The St. Louis-based brewer invested in the area following negotiations held between August Busch, II and Winthrop Rockefeller, a son of Colonial Williamsburg's initial chief mentor, John D. Rockefeller Jr. Winthrop Rockefeller had been serving as both governor of Arkansas and chairman of Colonial Williamsburg in the 1960s and 1970s. (Water Country USA, a local water park, was acquired by A-B in the 1990s, and added to the company's theme park activities, which include a number of SeaWorld properties in other states as well).

==Divestiture by A-B, InBev==
In the last part of the 20th and early into the 21st century, as a brewer, A-B found itself increasingly in tough competition in an increasingly global market.

In 2008, after initially resisting an unsolicited stock bid, A-B announced it had reached an agreement to be acquired by the even larger Belgium-based InBev, the world's largest brewing company.
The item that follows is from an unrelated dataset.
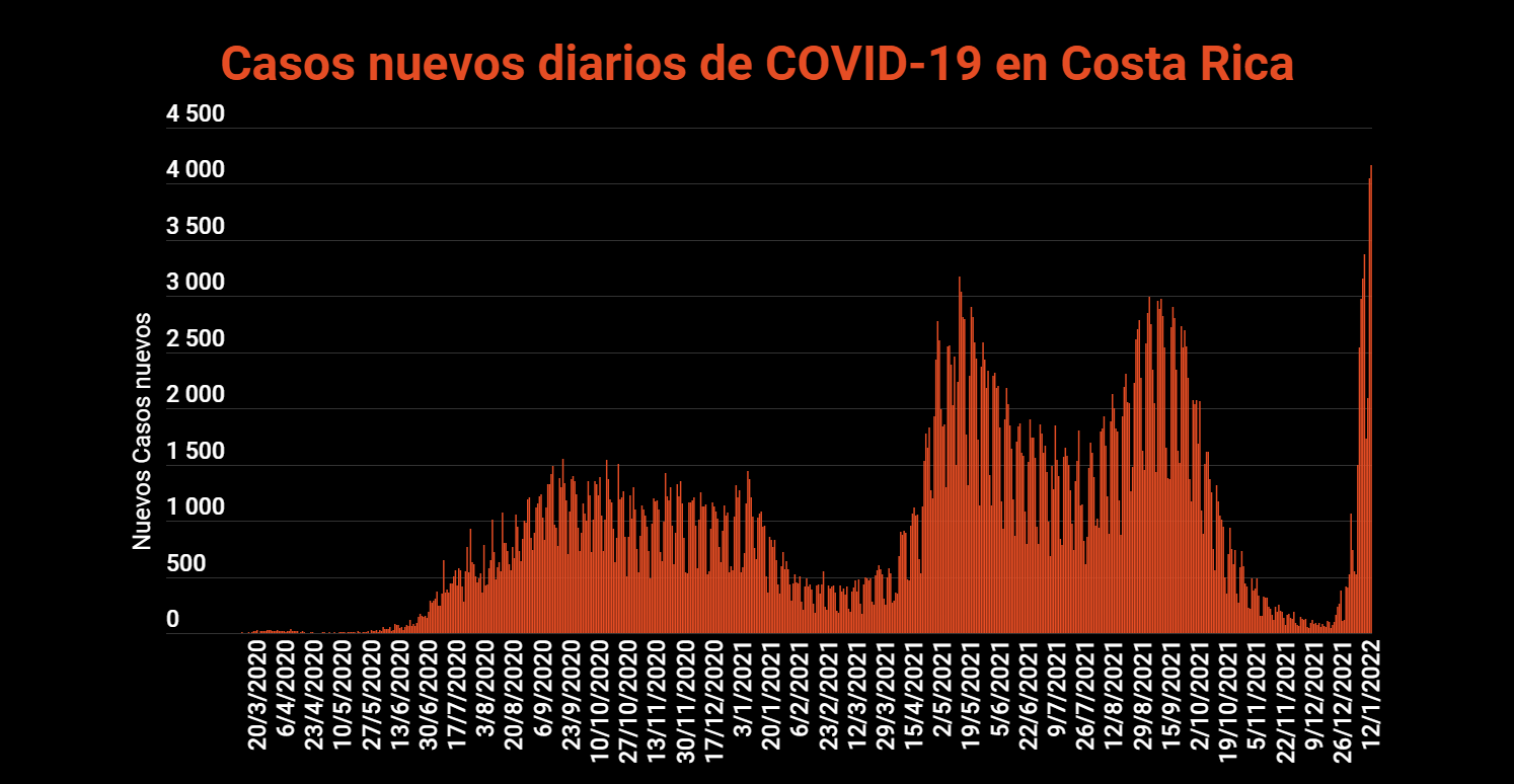 El Ministerio de Salud de Costa Rica confirmó este 12 de enero 4494 nuevos casos de COVID-19 en el país, con lo cual la cifra total de casos se eleva a 600.842. Respecto al día de ayer, la variación de los casos confirmados fue del 0.69%.

The newer owners announced plans to sell off the portions of A-B activities which were not part of the core beverage business as it worked to reduce debt incurred to fund the acquisition.

As A-B had been a major employer and strong community supporter for many years, there was widespread speculation and more than a little apprehension about who might ultimately acquire and control the theme parks, the resort, and other Busch developments in the region.

==New owners, future==
Since then, the Blackstone Group acquired the company's 10 theme parks, including two near Williamsburg.

In July 2010, it was announced that Xanterra had entered into an agreement, to purchase and operate the Kingsmill Resort. In 1968, Xanterra became the successor to the Fred Harvey Company established by entrepreneur Fred Harvey in 1875. Xanterra was acquired by Denver-based billionaire Philip Anschutz in 2008 and has operated in national and state parks across the United States, especially in the Western regions.

In March 2017, Fort Worth-based Escalante Golf acquired Kingsmill Resort.